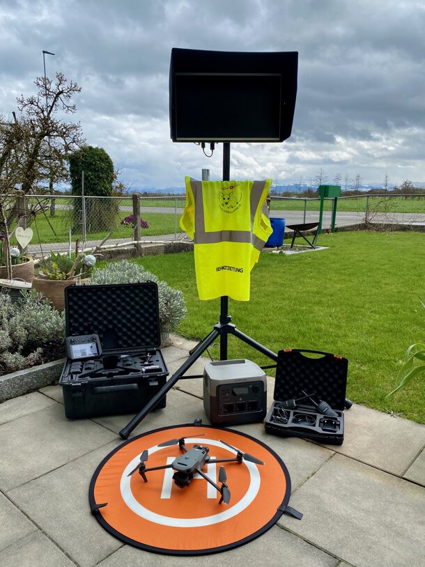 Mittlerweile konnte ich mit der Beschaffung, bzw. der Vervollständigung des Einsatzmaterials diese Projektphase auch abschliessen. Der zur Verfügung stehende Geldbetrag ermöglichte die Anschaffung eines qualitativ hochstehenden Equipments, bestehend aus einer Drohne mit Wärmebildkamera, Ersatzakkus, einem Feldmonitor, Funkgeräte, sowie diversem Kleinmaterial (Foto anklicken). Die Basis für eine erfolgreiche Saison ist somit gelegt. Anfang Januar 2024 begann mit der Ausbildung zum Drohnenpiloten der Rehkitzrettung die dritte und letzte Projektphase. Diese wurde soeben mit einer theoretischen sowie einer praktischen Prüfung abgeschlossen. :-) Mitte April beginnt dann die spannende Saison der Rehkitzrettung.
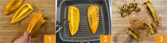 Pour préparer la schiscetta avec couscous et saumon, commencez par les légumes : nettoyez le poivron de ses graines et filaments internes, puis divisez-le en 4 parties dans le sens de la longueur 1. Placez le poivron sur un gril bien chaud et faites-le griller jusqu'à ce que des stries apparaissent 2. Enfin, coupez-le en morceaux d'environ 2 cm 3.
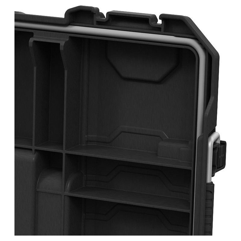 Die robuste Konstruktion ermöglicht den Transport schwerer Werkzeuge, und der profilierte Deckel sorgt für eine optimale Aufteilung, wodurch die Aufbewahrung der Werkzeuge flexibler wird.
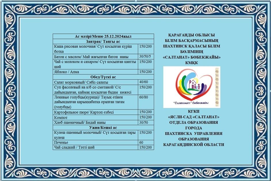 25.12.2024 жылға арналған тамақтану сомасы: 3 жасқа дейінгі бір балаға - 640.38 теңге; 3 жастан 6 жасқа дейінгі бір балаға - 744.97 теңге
# # #
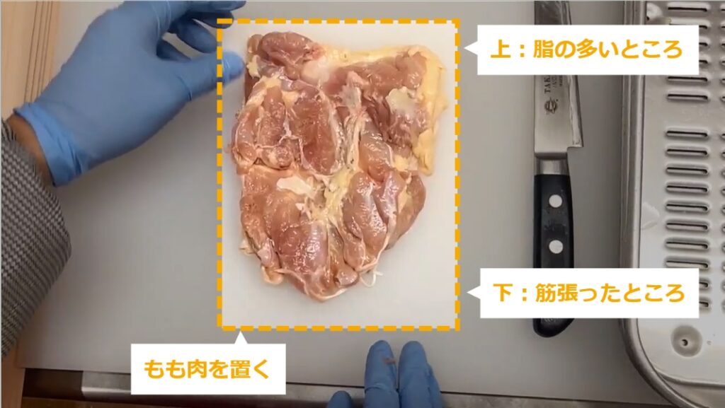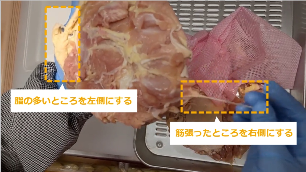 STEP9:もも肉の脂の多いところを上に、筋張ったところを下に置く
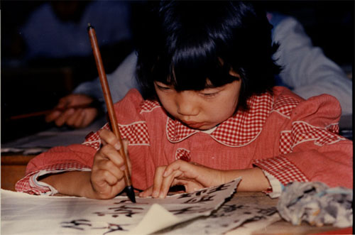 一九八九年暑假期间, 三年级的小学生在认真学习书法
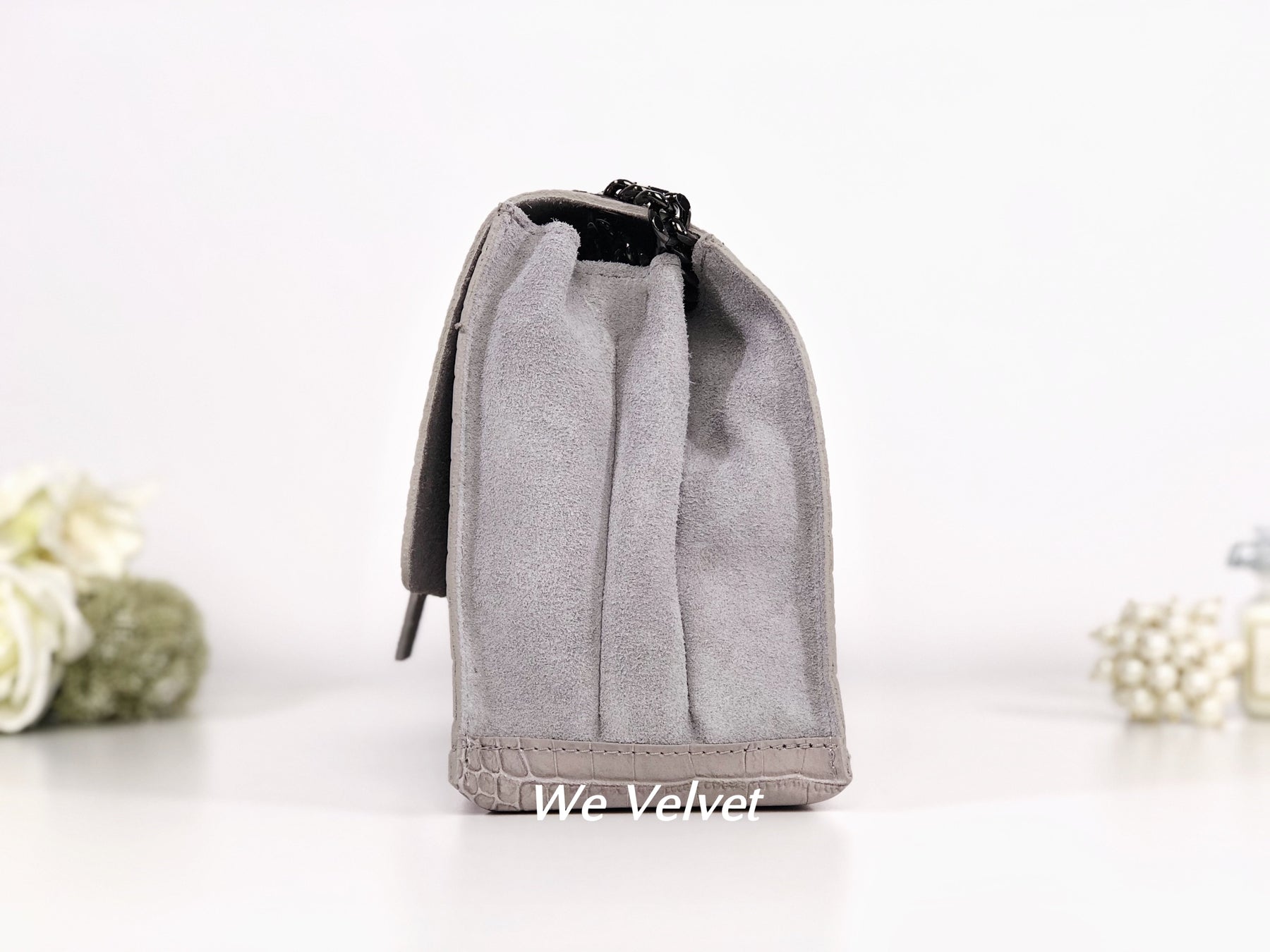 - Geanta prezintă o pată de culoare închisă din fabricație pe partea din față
# # #
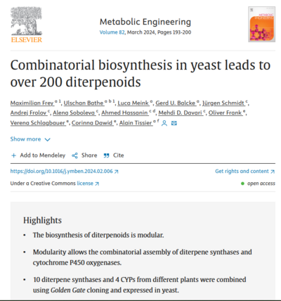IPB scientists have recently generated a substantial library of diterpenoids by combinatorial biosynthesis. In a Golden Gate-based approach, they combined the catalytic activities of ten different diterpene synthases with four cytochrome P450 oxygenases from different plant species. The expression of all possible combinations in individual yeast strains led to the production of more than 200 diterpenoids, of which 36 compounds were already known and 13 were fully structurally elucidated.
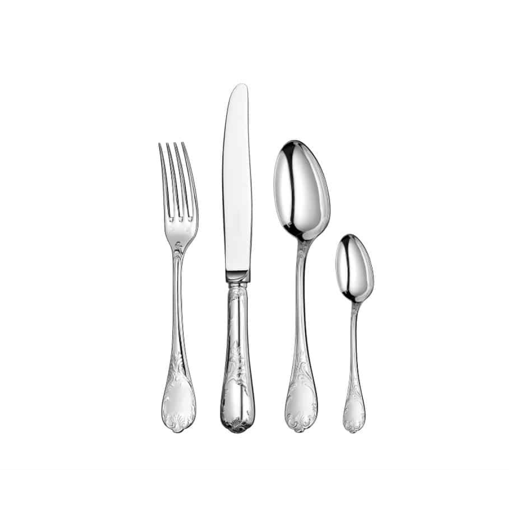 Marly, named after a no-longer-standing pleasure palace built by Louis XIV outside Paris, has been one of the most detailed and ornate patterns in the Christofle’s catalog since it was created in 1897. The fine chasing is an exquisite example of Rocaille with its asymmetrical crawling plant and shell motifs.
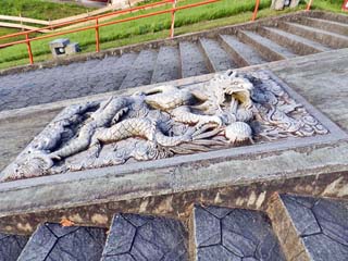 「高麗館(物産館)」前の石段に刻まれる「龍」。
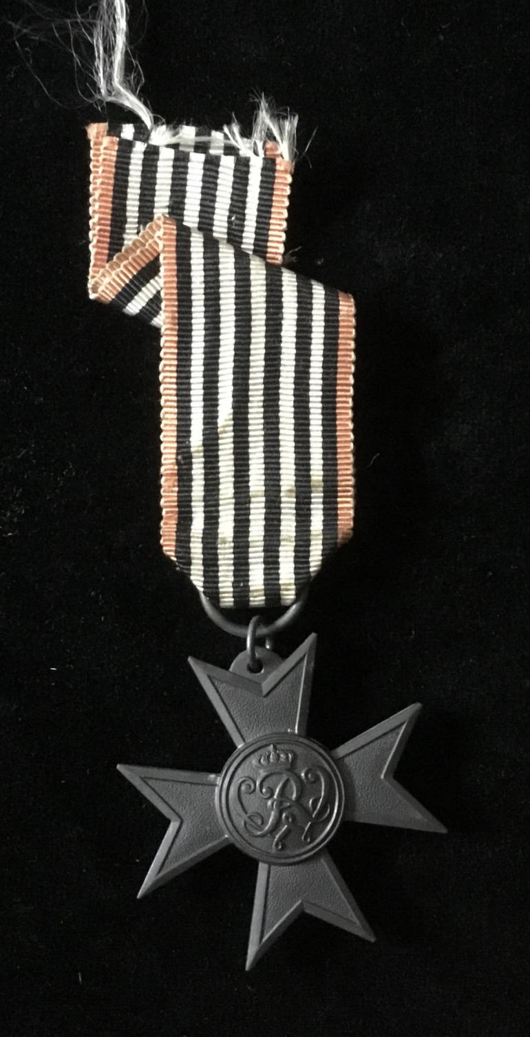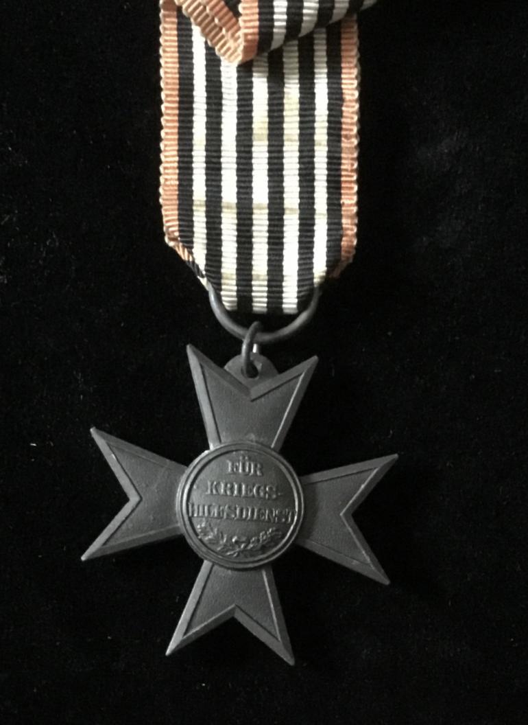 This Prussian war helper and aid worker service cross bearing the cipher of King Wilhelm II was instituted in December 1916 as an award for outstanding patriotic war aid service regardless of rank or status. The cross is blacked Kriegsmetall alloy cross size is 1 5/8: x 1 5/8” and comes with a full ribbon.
# # #
## About this task
Beginning with the line that contains "Marly, named after" and ending with the line that contains "This Prussian war", reproduce the listing exactly, pictures excluded.

## Written response
 Marly, named after a no-longer-standing pleasure palace built by Louis XIV outside Paris, has been one of the most detailed and ornate patterns in the Christofle’s catalog since it was created in 1897. The fine chasing is an exquisite example of Rocaille with its asymmetrical crawling plant and shell motifs.
 「高麗館(物産館)」前の石段に刻まれる「龍」。
 This Prussian war helper and aid worker service cross bearing the cipher of King Wilhelm II was instituted in December 1916 as an award for outstanding patriotic war aid service regardless of rank or status. The cross is blacked Kriegsmetall alloy cross size is 1 5/8: x 1 5/8” and comes with a full ribbon.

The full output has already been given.